Entries taken from a collection:

══════════════════════════════

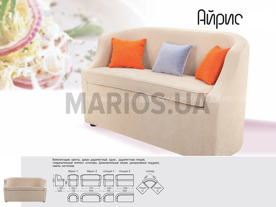 Диван "Айрис" имеет универсальный внешний вид, который выгодно оттеняют круглая спинка и изогнутые подлокотники. Таким образом, модель легко вписывается в рамки любого помещения. Комплектация: кресло, диван двухместный, диван трехместный, одно-, двухместная секция, соединительный элемент "сектор". Рекомендуемые обивочные материалы: Кожзамы мягкие, эластичные. Кожи тонкие. Ткани однотонные. Запрет на применение: кожи ПУ, крокко, буттеро, бикла. Ткани сыпучие, с раппортом (узором), в полоску. Примечание: возможна комбинация цветов обивочных материалов на каркасе и сиденье. Возможно выполнять декоративный кант в материалах контрастного цвета одной серии или артикула.
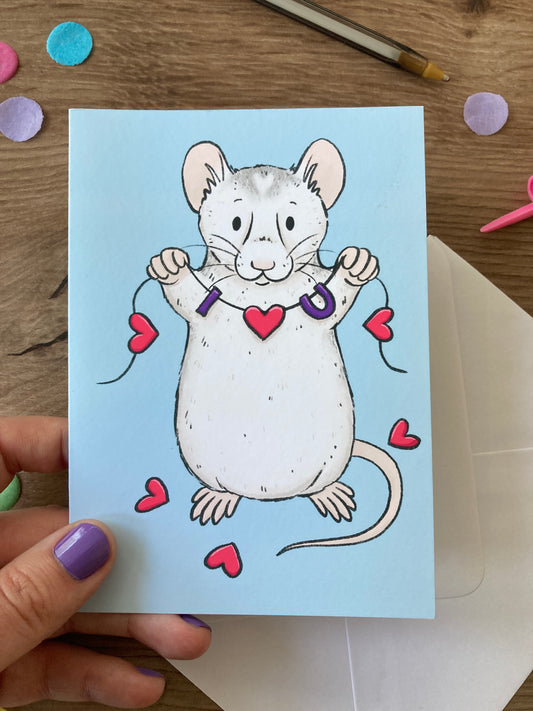 I Love You Rat | Cute Rat Love Greeting Card | Fancy Rat Gift
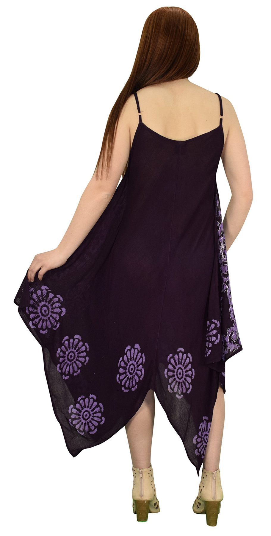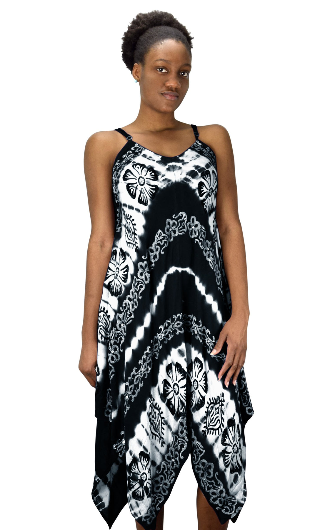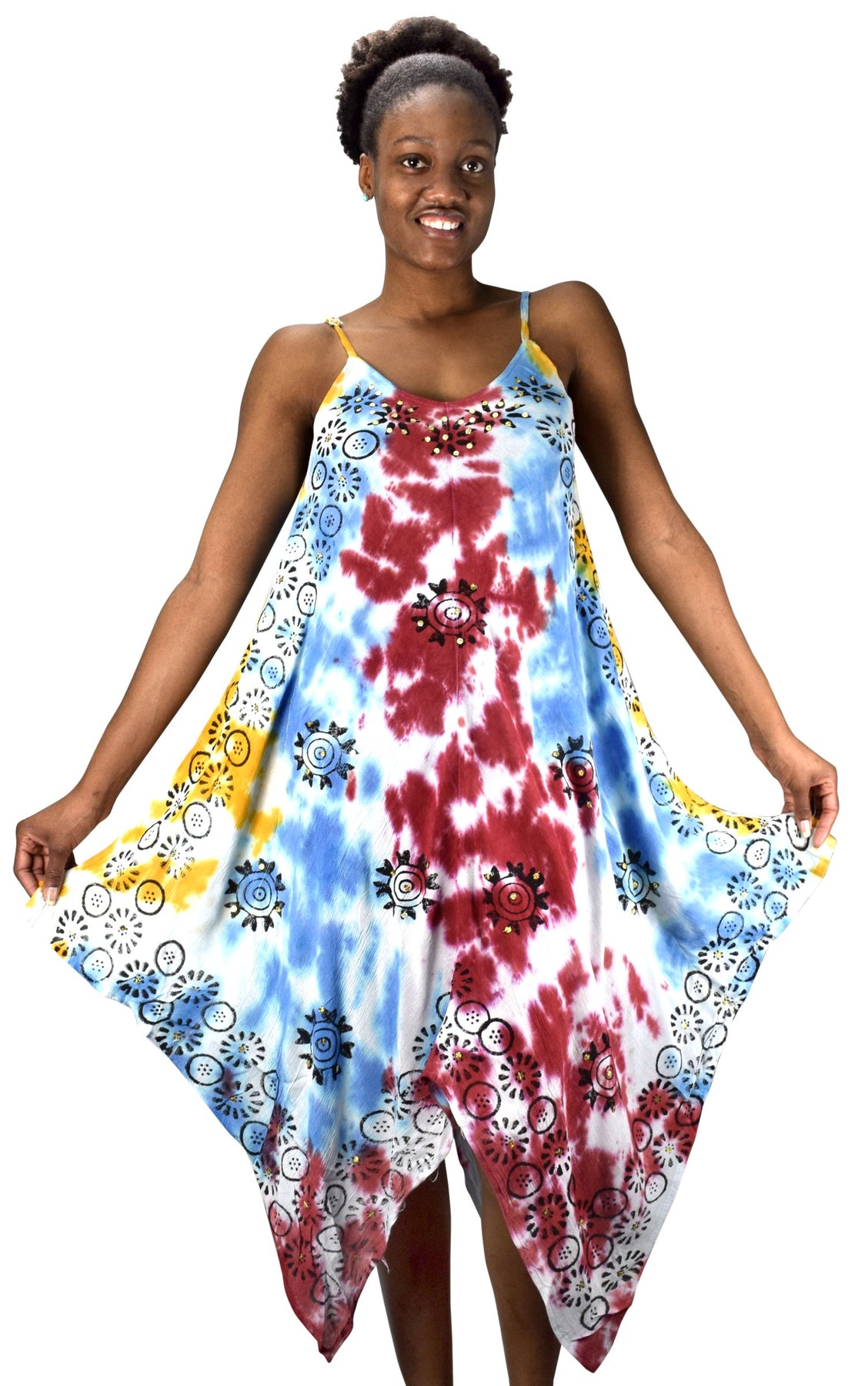 • Fun & Flirty - This maxi dress features adjustable spaghetti shoulder strap, handkerchief hem and multi color embroidered and tie dye floral border with sequins.
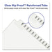 Use these dividers to organize index briefs, legal exhibits, mortgage documentation files and more. The crisp and clean white paper stock dividers give files a professional appearance. The durable Rip Proof™ reinforced tabs are preprinted on both sides so information can be located easily. The unpunched binding edges mean these indexes can fit practically any binding system.
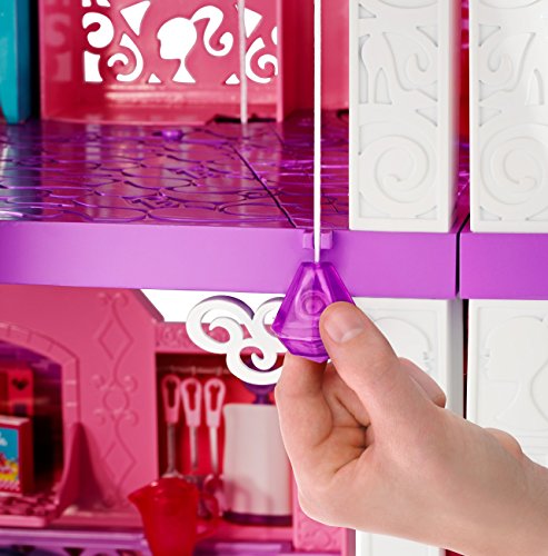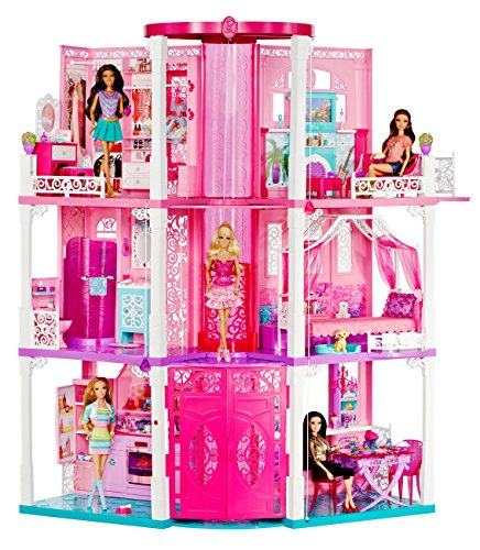 Barbie has saved up for a new Dreamhouse and is moving in! Her new home is FAB and still has three great stories for play! Hit the kitchen on the first floor to create an amazing meal with the luxe "stainless steel" appliances, blender (complete with sounds) and light-up oven. Girls can flip the table in the dining room to go from breakfast to dinner with no fuss. On the second floor, Barbie doll and her guests (not included) can use the spacious bathroom that features all sorts of realistic touches when kid-activated, such as a light-up mirror, "flushing" toilet and singing in the shower. Head to the bedroom for a place to rest Barbie doll's head. The divine canopy bed pulls out to reveal a trundle bed, perfect for sleepovers. And a puppy bed means Barbie doll's pet can sleep comfortably cuddled as well. Take the elevator to the third floor for more FAB fun! The living room has a television that "flips" channels, and a great balcony provides the perfect spot to soak up the Malibu sun. Or visit Barbie doll's ultimate closet to get ready for a night out. Barbie doll can pick out the perfect outfit and send it down to the bathroom in her second fashion elevator. It's every girl's dream - house! Dolls and fashions not included. Ages 3 and older.Feature

══════════════════════════════

Exercise requirements: The entries above, without their pictures, should be written out exactly.

Response to the exercise:
 Диван "Айрис" имеет универсальный внешний вид, который выгодно оттеняют круглая спинка и изогнутые подлокотники. Таким образом, модель легко вписывается в рамки любого помещения. Комплектация: кресло, диван двухместный, диван трехместный, одно-, двухместная секция, соединительный элемент "сектор". Рекомендуемые обивочные материалы: Кожзамы мягкие, эластичные. Кожи тонкие. Ткани однотонные. Запрет на применение: кожи ПУ, крокко, буттеро, бикла. Ткани сыпучие, с раппортом (узором), в полоску. Примечание: возможна комбинация цветов обивочных материалов на каркасе и сиденье. Возможно выполнять декоративный кант в материалах контрастного цвета одной серии или артикула.
 I Love You Rat | Cute Rat Love Greeting Card | Fancy Rat Gift
 • Fun & Flirty - This maxi dress features adjustable spaghetti shoulder strap, handkerchief hem and multi color embroidered and tie dye floral border with sequins.
 Use these dividers to organize index briefs, legal exhibits, mortgage documentation files and more. The crisp and clean white paper stock dividers give files a professional appearance. The durable Rip Proof™ reinforced tabs are preprinted on both sides so information can be located easily. The unpunched binding edges mean these indexes can fit practically any binding system.
 Barbie has saved up for a new Dreamhouse and is moving in! Her new home is FAB and still has three great stories for play! Hit the kitchen on the first floor to create an amazing meal with the luxe "stainless steel" appliances, blender (complete with sounds) and light-up oven. Girls can flip the table in the dining room to go from breakfast to dinner with no fuss. On the second floor, Barbie doll and her guests (not included) can use the spacious bathroom that features all sorts of realistic touches when kid-activated, such as a light-up mirror, "flushing" toilet and singing in the shower. Head to the bedroom for a place to rest Barbie doll's head. The divine canopy bed pulls out to reveal a trundle bed, perfect for sleepovers. And a puppy bed means Barbie doll's pet can sleep comfortably cuddled as well. Take the elevator to the third floor for more FAB fun! The living room has a television that "flips" channels, and a great balcony provides the perfect spot to soak up the Malibu sun. Or visit Barbie doll's ultimate closet to get ready for a night out. Barbie doll can pick out the perfect outfit and send it down to the bathroom in her second fashion elevator. It's every girl's dream - house! Dolls and fashions not included. Ages 3 and older.Feature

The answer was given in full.